(Records Opens)

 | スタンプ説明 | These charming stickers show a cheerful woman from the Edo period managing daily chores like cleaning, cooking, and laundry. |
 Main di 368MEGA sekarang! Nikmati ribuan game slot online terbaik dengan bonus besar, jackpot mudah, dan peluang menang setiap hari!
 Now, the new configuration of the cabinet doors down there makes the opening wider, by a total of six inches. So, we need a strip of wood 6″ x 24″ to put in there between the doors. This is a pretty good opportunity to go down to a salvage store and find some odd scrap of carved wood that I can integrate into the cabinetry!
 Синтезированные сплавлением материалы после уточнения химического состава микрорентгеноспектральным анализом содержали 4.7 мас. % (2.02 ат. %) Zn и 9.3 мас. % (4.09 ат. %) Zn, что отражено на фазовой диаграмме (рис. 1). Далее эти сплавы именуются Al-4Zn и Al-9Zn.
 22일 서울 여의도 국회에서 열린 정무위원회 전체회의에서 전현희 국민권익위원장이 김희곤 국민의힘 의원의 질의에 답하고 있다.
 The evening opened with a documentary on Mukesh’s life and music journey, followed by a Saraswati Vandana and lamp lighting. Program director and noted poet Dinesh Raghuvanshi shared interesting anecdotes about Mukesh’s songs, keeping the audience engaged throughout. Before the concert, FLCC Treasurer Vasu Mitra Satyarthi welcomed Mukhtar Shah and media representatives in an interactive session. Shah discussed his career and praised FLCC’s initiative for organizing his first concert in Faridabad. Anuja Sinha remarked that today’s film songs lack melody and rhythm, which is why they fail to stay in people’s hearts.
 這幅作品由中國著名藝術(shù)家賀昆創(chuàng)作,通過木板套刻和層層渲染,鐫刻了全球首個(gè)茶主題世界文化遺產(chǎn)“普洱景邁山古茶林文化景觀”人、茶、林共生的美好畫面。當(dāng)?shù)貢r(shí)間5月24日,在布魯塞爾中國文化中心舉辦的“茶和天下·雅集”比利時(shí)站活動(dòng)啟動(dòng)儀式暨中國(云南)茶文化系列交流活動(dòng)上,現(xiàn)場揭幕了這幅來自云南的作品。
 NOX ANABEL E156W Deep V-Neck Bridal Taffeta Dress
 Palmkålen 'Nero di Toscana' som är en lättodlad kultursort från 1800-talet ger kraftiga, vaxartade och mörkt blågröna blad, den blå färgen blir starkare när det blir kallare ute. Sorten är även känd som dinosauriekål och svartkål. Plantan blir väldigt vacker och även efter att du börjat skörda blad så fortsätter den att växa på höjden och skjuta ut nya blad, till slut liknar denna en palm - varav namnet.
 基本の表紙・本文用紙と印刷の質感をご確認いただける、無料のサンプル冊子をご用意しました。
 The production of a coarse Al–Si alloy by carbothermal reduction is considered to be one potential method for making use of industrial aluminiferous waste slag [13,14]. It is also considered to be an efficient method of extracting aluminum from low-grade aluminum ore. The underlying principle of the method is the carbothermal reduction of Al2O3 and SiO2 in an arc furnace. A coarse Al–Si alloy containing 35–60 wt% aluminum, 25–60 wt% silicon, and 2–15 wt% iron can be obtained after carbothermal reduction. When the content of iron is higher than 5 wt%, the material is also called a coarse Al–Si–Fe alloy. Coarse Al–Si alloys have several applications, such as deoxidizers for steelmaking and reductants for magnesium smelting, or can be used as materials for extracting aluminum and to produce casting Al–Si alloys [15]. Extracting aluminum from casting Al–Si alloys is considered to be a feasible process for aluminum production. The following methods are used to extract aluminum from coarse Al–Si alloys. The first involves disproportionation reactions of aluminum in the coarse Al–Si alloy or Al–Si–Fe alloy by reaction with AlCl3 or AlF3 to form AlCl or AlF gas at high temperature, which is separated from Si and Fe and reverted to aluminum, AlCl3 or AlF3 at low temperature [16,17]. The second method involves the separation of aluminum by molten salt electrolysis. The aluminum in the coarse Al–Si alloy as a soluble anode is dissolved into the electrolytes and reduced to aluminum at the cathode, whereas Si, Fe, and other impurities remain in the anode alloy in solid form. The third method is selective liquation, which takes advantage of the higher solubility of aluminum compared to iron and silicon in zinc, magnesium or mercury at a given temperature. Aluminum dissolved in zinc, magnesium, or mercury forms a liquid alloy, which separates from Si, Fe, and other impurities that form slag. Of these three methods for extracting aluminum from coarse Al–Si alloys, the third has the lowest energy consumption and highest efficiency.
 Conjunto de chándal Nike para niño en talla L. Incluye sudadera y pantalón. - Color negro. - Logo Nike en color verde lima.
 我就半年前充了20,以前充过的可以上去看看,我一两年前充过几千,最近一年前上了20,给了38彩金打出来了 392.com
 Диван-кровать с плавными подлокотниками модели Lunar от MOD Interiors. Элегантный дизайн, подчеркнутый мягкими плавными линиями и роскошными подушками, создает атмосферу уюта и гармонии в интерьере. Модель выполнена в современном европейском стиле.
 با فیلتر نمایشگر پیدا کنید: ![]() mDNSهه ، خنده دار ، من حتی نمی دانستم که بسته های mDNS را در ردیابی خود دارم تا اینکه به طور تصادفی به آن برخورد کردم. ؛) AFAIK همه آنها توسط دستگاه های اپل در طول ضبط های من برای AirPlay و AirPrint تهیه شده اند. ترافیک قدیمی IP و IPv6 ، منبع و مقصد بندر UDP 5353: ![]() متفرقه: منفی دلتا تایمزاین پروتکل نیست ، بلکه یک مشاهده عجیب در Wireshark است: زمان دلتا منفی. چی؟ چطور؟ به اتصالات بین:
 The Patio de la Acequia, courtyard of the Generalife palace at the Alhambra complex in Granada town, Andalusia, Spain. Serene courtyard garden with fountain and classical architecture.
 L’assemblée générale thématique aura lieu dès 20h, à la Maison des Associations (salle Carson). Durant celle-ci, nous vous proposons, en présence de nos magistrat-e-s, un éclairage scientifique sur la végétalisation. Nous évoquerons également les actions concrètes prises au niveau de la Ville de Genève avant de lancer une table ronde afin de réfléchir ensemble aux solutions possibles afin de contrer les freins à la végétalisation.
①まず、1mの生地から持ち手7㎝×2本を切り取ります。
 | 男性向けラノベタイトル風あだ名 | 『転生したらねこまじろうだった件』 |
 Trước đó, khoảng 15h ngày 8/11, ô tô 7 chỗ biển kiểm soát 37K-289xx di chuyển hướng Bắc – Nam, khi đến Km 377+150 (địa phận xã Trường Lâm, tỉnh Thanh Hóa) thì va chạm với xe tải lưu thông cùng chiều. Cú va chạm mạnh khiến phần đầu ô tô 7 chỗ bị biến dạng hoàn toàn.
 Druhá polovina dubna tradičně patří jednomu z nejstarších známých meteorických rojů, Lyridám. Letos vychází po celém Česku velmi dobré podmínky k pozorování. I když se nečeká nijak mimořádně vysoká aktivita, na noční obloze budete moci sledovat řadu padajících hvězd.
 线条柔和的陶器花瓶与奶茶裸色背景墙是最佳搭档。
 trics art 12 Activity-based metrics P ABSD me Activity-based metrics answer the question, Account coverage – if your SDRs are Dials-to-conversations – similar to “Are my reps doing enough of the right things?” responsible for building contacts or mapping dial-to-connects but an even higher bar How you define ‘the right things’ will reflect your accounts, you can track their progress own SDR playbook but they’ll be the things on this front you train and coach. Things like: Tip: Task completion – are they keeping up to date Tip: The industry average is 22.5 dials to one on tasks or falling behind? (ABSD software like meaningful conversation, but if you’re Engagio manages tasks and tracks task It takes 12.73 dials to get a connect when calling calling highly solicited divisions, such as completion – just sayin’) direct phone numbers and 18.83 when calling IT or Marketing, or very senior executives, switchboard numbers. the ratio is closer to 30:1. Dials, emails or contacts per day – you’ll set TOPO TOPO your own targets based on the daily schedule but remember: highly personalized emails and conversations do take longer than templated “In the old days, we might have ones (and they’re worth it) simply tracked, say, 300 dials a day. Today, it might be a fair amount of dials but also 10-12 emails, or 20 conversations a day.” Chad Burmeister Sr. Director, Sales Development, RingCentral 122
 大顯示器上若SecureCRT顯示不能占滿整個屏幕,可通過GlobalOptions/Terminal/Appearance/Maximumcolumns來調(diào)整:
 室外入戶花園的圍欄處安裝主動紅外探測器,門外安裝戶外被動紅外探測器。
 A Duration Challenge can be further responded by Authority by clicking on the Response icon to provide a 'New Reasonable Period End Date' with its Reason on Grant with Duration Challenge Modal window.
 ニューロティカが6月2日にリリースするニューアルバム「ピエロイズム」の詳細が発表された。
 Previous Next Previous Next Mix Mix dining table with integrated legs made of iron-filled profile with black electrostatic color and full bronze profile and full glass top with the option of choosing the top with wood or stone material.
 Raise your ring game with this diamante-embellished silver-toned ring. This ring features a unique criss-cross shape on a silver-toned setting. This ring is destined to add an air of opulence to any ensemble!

(Records Closes)

Exercise prompt
Copy the entries word for word. Start at the first line and end with the line containing "Синтезированные сплавлением материалы".

Finished exercise
 | スタンプ説明 | These charming stickers show a cheerful woman from the Edo period managing daily chores like cleaning, cooking, and laundry. |
 Main di 368MEGA sekarang! Nikmati ribuan game slot online terbaik dengan bonus besar, jackpot mudah, dan peluang menang setiap hari!
 Now, the new configuration of the cabinet doors down there makes the opening wider, by a total of six inches. So, we need a strip of wood 6″ x 24″ to put in there between the doors. This is a pretty good opportunity to go down to a salvage store and find some odd scrap of carved wood that I can integrate into the cabinetry!
 Синтезированные сплавлением материалы после уточнения химического состава микрорентгеноспектральным анализом содержали 4.7 мас. % (2.02 ат. %) Zn и 9.3 мас. % (4.09 ат. %) Zn, что отражено на фазовой диаграмме (рис. 1). Далее эти сплавы именуются Al-4Zn и Al-9Zn.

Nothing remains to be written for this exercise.